The flight marks the third test run of SpaceX’s Starship rocket and is set to blast the rocket into space before returning to Earth and splashing down somewhere in the Indian Ocean.

SpaceX said the mission will hopefully include firing one of Starship’s Raptor engines in space for the first time; opening and closing the rocket’s payload door; an in-flight propellant transfer; and demonstrate “a controlled reentry” back to Earth from space.

Why Is Spacex’s Third Starship Test Important?

Standing at around 400 feet tall, Starship is the largest and most powerful rocket ever developed. It is central to Elon Musk and SpaceX’s ambitions of ferrying cargo, and eventually humans, to the moon, Mars and beyond and the rocket is expected to play a key role in NASA’s plans to return American astronauts to the moon. SpaceX says the vehicle will be able to “carry up to 100 people on long-duration, interplanetary flights,” help deliver satellites and enable “the development of a moon base” when finished and it is intended as the first reusable rocket, which would drastically lower the costs associated with reaching space. The company said the launch “aims to build on what we’ve learned” from previous test flights.

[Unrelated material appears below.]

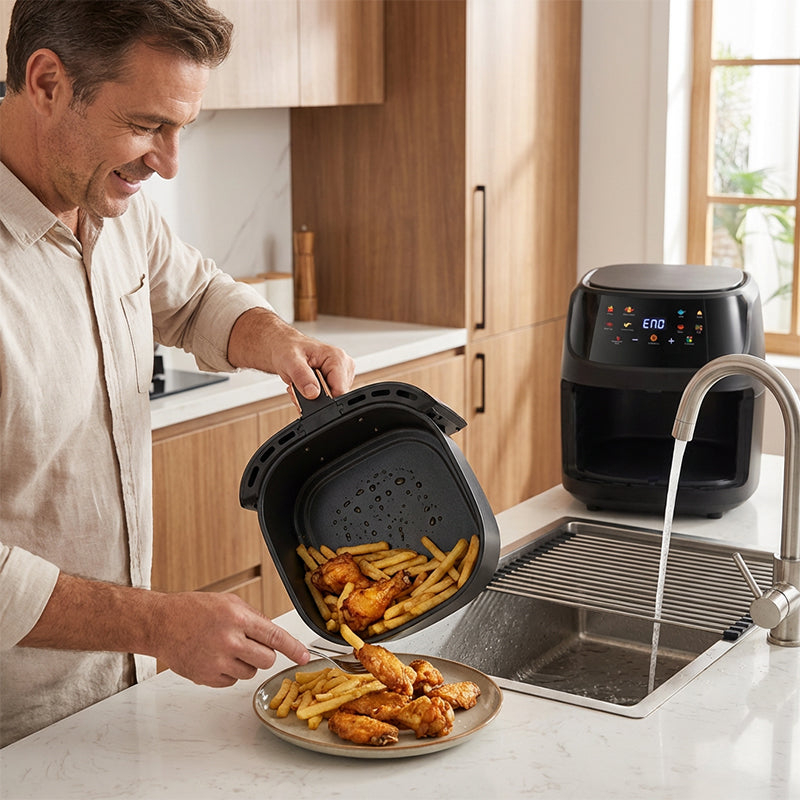 ¡Más tiempo para disfrutar, menos para limpiar! La canasta desmontable con revestimiento antiadherente se limpia rápidamente después de cada uso. ¡Solo enjuaga y listo! 🧼🚿
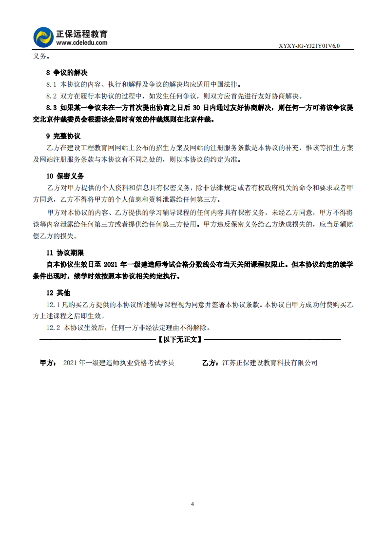 2021年一級(jí)建造師尊享無(wú)憂班續(xù)學(xué)協(xié)議書(shū)

Though both of these ended in fire—the first damaged the launch pad when it exploded seconds after launch and the second blew up shortly after separation, which the company described as “a rapid unscheduled disassembly”—they were hailed as a success by the company and scientists, who said the data gathered will be invaluable for improving the rocket. “This rapid iterative development approach has been the basis for all of SpaceX’s major innovative advancements, including Falcon, Dragon, and Starlink,” SpaceX said. “Recursive improvement is essential as we work to build a fully reusable transportation system capable of carrying both crew and cargo to Earth orbit, help humanity return to the Moon, and ultimately travel to Mars and beyond.”